───── Supplied data ─────

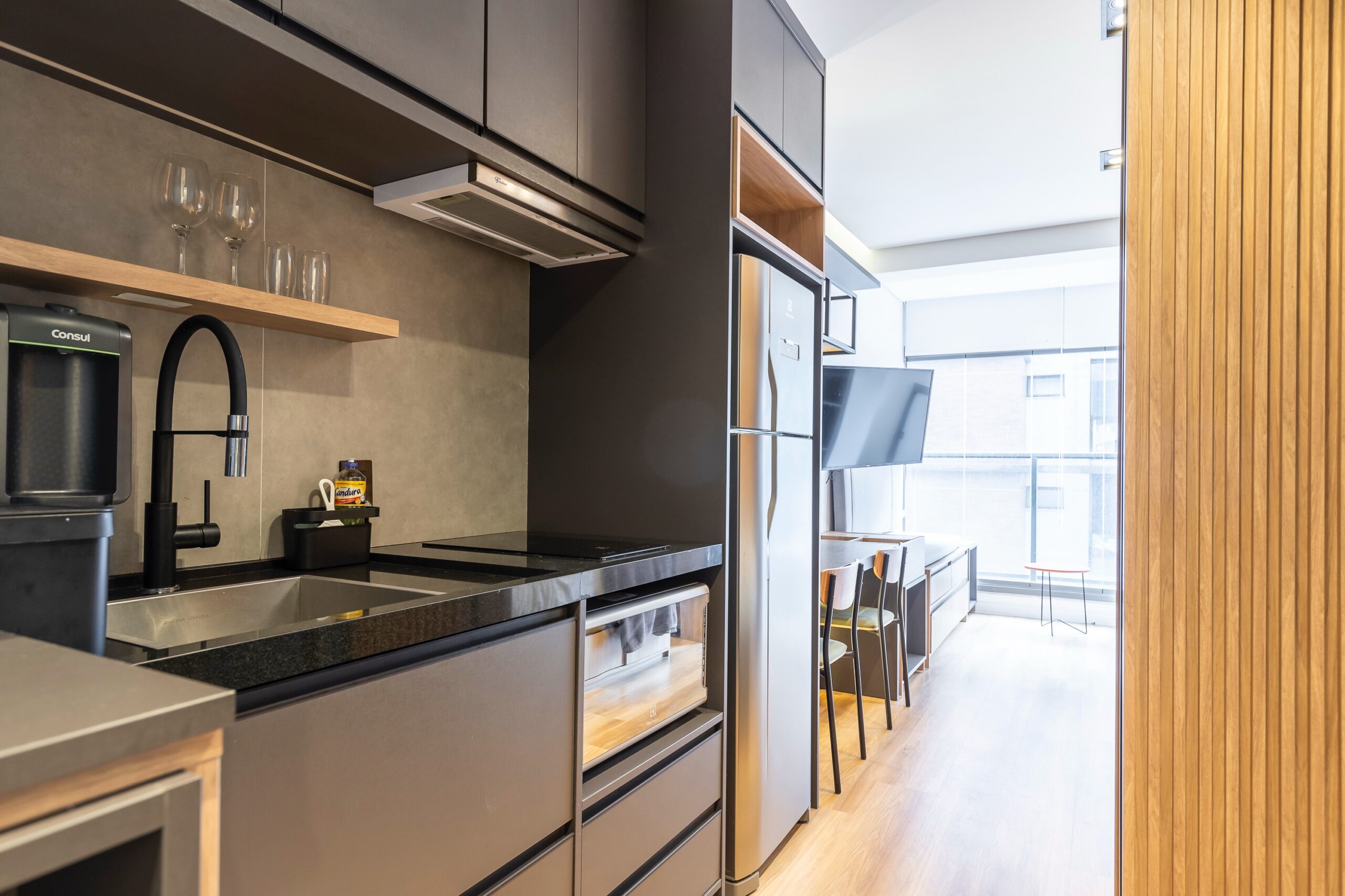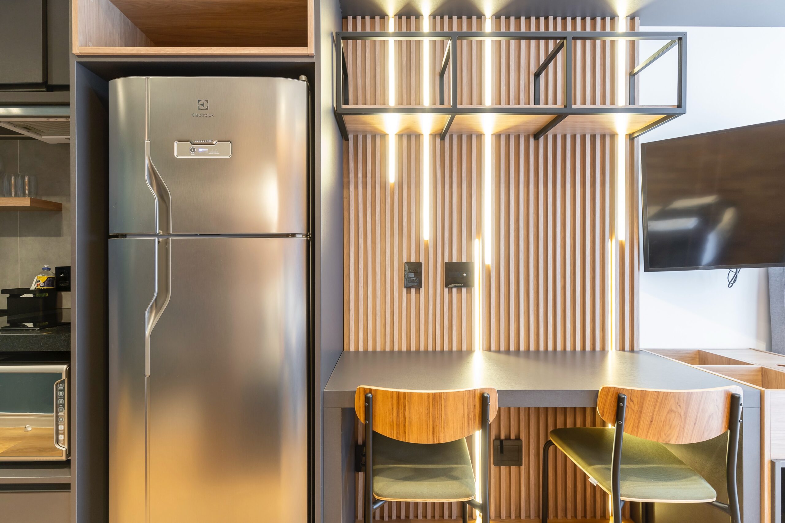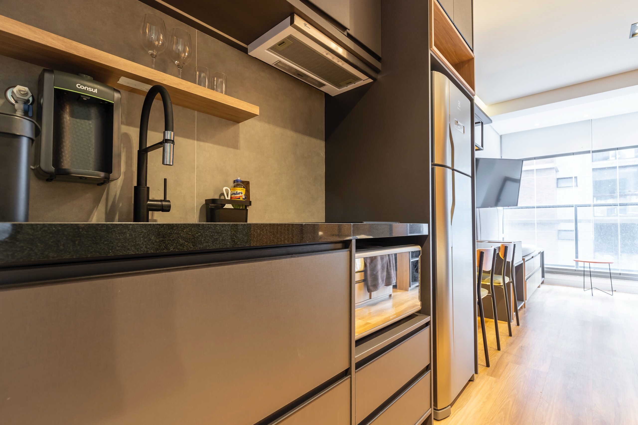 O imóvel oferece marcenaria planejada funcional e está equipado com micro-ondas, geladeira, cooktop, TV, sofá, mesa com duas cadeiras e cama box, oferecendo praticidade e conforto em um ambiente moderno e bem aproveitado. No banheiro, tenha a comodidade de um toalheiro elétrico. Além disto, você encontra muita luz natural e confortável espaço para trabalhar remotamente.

─────
───── Supplied data ─────

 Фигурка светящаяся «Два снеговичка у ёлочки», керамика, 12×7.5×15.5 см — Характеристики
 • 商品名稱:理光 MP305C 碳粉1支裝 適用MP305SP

─────
───── Supplied data ─────

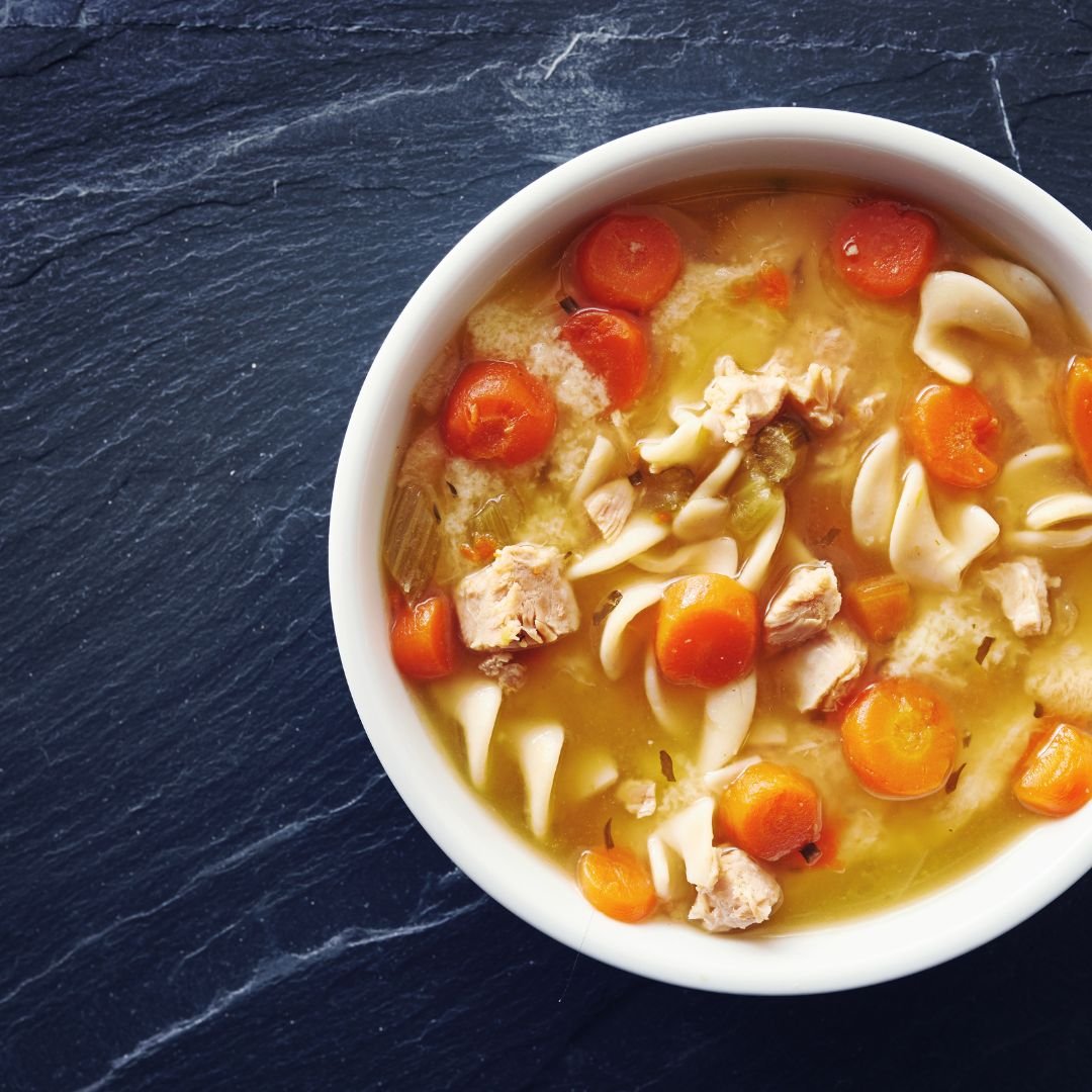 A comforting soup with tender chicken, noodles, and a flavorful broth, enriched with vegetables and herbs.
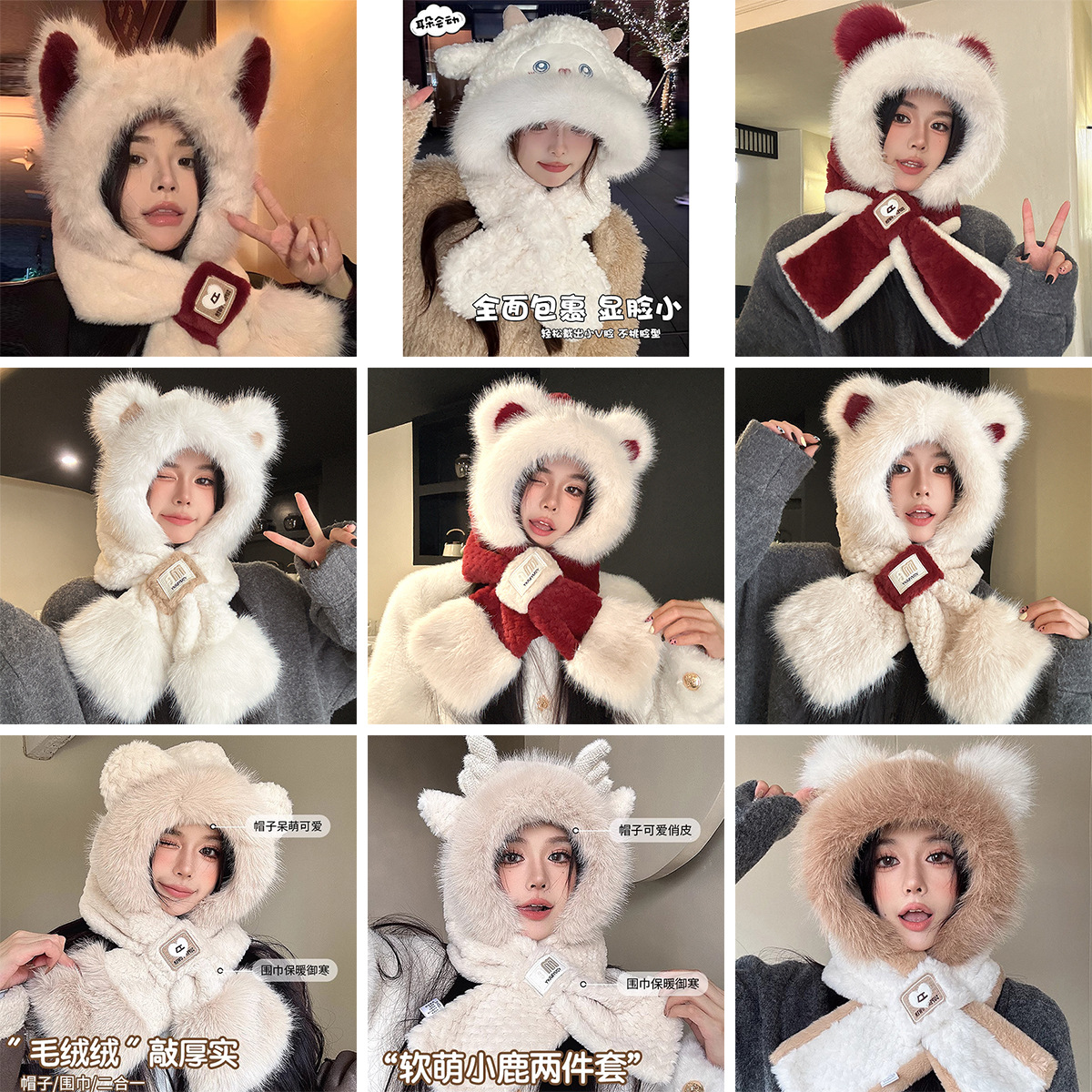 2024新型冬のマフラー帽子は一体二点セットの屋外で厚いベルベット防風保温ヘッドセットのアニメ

─────

» Directions
Both the line containing "A comforting soup" and the line containing "2024新型冬のマフラー帽子" above belong in the output, as do the lines between them. Print them exactly, without pictures.

» Result of this task
 A comforting soup with tender chicken, noodles, and a flavorful broth, enriched with vegetables and herbs.
 2024新型冬のマフラー帽子は一体二点セットの屋外で厚いベルベット防風保温ヘッドセットのアニメ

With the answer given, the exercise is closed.